Optimization features, profiling tools, and performance best practices.

SIMD Optimizations

Enabling SIMD

// Enable SIMD optimizations globally
advancegg.EnableSIMD(true)

// Check SIMD support
if advancegg.SIMDSupported() {
    fmt.Println("SIMD optimizations available")
    fmt.Printf("SIMD instruction set: %s\n", advancegg.GetSIMDInstructionSet())
}

// Enable specific SIMD features
advancegg.EnableSIMDFeature(advancegg.SIMDFeatureSSE2, true)
advancegg.EnableSIMDFeature(advancegg.SIMDFeatureAVX2, true)
advancegg.EnableSIMDFeature(advancegg.SIMDFeatureAVX512, true)

// Per-context SIMD settings
dc.SetSIMDEnabled(true)
dc.SetSIMDInstructionSet(advancegg.SIMDInstructionSetAVX2)

SIMD-Optimized Operations

// Image processing with SIMD
blurred := advancegg.ApplyGaussianBlurSIMD(img, 5.0)
resized := advancegg.ResizeImageSIMD(img, 1920, 1080, advancegg.ResizeBicubic)

// Color space conversions
rgbToHsv := advancegg.ConvertRGBToHSVSIMD(rgbImage)
hsvToRgb := advancegg.ConvertHSVToRGBSIMD(hsvImage)

// Batch operations
images := []image.Image{img1, img2, img3, img4}
results := advancegg.BatchProcessSIMD(images, func(img image.Image) image.Image {
    return advancegg.ApplyBrightness(img, 1.2)
})

// Vector operations
points := []advancegg.Point{{100, 100}, {200, 200}, {300, 300}}
transformed := advancegg.TransformPointsSIMD(points, matrix)

Memory Management

Memory Pooling

// Enable memory pooling
advancegg.EnableMemoryPooling(true)

// Configure pool sizes
advancegg.SetMemoryPoolSize(advancegg.PoolTypeImage, 100*1024*1024) // 100MB for images
advancegg.SetMemoryPoolSize(advancegg.PoolTypeContext, 50*1024*1024) // 50MB for contexts
advancegg.SetMemoryPoolSize(advancegg.PoolTypePath, 10*1024*1024)    // 10MB for paths

// Get pool statistics
stats := advancegg.GetMemoryPoolStats()
fmt.Printf("Image pool: %d/%d bytes used\n", stats.ImagePool.Used, stats.ImagePool.Total)
fmt.Printf("Context pool: %d/%d bytes used\n", stats.ContextPool.Used, stats.ContextPool.Total)

// Manual pool management
advancegg.ClearMemoryPool(advancegg.PoolTypeImage)
advancegg.CompactMemoryPools()

Resource Management

// Automatic resource cleanup
defer advancegg.CleanupResources()

// Manual resource management
resource := advancegg.AcquireResource(advancegg.ResourceTypeImage, width*height*4)
defer advancegg.ReleaseResource(resource)
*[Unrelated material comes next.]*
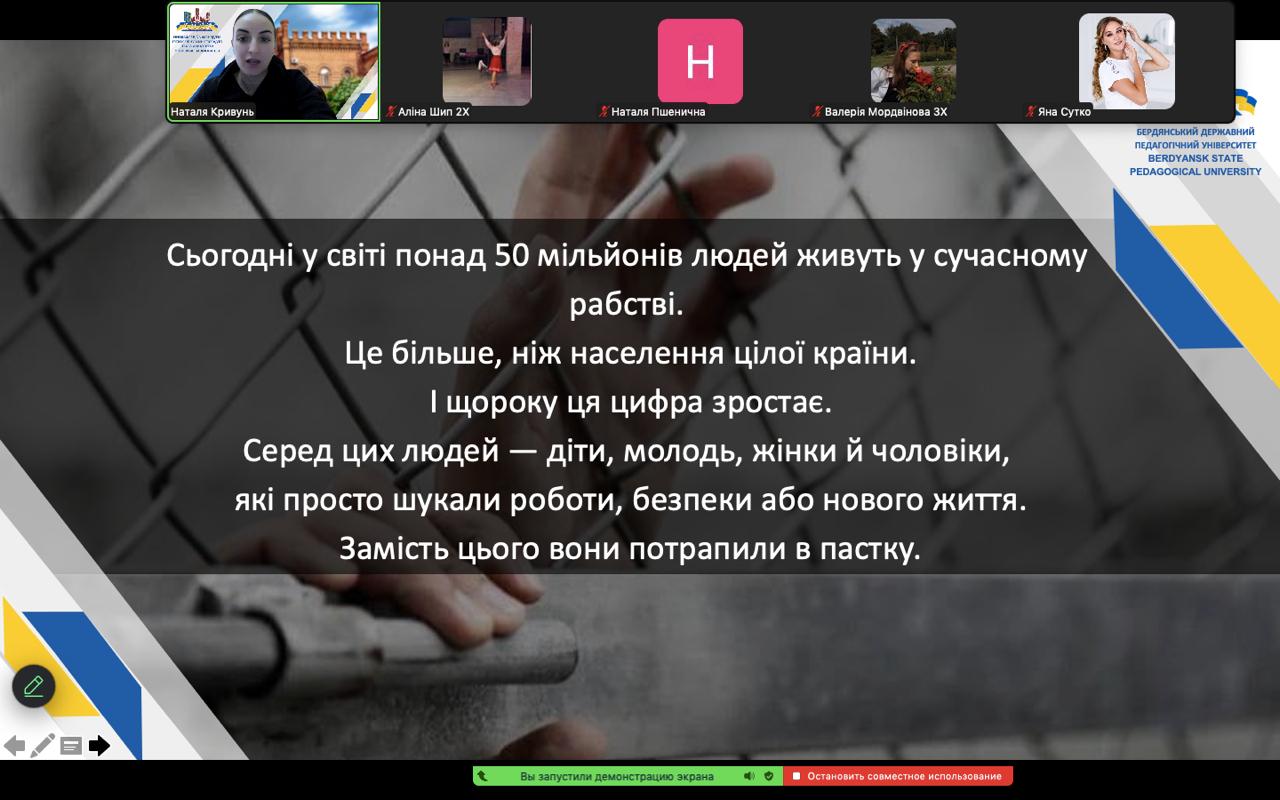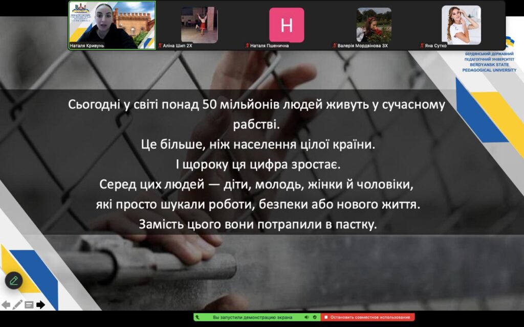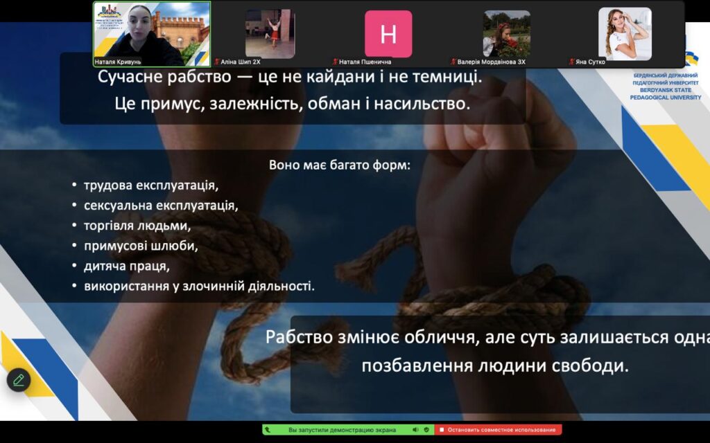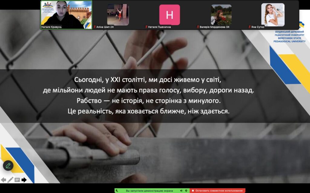 З нагоди Всесвітнього дня боротьби з рабством 2 грудня 2025 року в Бердянського державному педагогічному університеті на факультеті фізичної культури, спорту та здоров’я людини у форматі онлайн відбулася виховна година «Сучасне рабство: усвідомити, щоб запобігти!».

// Context resource management
dc := advancegg.NewContext(800, 600)
defer dc.Dispose() // Explicit cleanup

// Image cache management
advancegg.SetImageCacheSize(200 * 1024 * 1024) // 200MB cache
advancegg.ClearImageCache()

// Font cache management
advancegg.SetFontCacheSize(50 * 1024 * 1024) // 50MB cache
advancegg.ClearFontCache()

Garbage Collection Optimization

// Reduce GC pressure
advancegg.SetGCOptimizationLevel(advancegg.GCOptimizationHigh)

// Pre-allocate buffers
buffer := advancegg.AllocateBuffer(width * height * 4)
defer advancegg.FreeBuffer(buffer)

// Reuse contexts
contextPool := advancegg.NewContextPool(10) // Pool of 10 contexts
ctx := contextPool.Get()
defer contextPool.Put(ctx)

// Batch allocations
allocator := advancegg.NewBatchAllocator()
defer allocator.FreeAll()

img1 := allocator.AllocateImage(800, 600)
img2 := allocator.AllocateImage(1920, 1080)

Caching System

Automatic Caching

// Enable automatic caching
advancegg.EnableAutomaticCaching(true)

// Configure cache policies
advancegg.SetCachePolicy(advancegg.CachePolicyLRU) // Least Recently Used
advancegg.SetCachePolicy(advancegg.CachePolicyLFU) // Least Frequently Used
advancegg.SetCachePolicy(advancegg.CachePolicyTTL) // Time To Live

// Set cache sizes
advancegg.SetCacheSize(advancegg.CacheTypeImage, 500*1024*1024)    // 500MB
advancegg.SetCacheSize(advancegg.CacheTypeFont, 100*1024*1024)     // 100MB
advancegg.SetCacheSize(advancegg.CacheTypeGradient, 50*1024*1024)  // 50MB
advancegg.SetCacheSize(advancegg.CacheTypePath, 25*1024*1024)      // 25MB

// Cache statistics
cacheStats := advancegg.GetCacheStatistics()
fmt.Printf("Image cache hit rate: %.2f%%\n", cacheStats.ImageCache.HitRate*100)
fmt.Printf("Font cache hit rate: %.2f%%\n", cacheStats.FontCache.HitRate*100)

Manual Caching

// Cache expensive operations
cacheKey := "processed_image_" + imageHash
if cached := advancegg.GetFromCache(cacheKey); cached != nil {
    return cached.(image.Image)
}

// Perform expensive operation
processed := expensiveImageProcessing(img)

// Store in cache
advancegg.StoreInCache(cacheKey, processed, 3600) // Cache for 1 hour

// Preload cache
advancegg.PreloadCache([]string{"common_image_1.jpg", "common_image_2.jpg"})

// Cache warming
advancegg.WarmCache(func() {
    // Perform operations that should be cached
    advancegg.LoadFont("arial.ttf", 12)
    advancegg.LoadFont("arial.ttf", 14)
    advancegg.LoadFont("arial.ttf", 16)
})

Parallel Processing

Multi-threading

// Set number of worker threads
advancegg.SetWorkerThreads(runtime.NumCPU())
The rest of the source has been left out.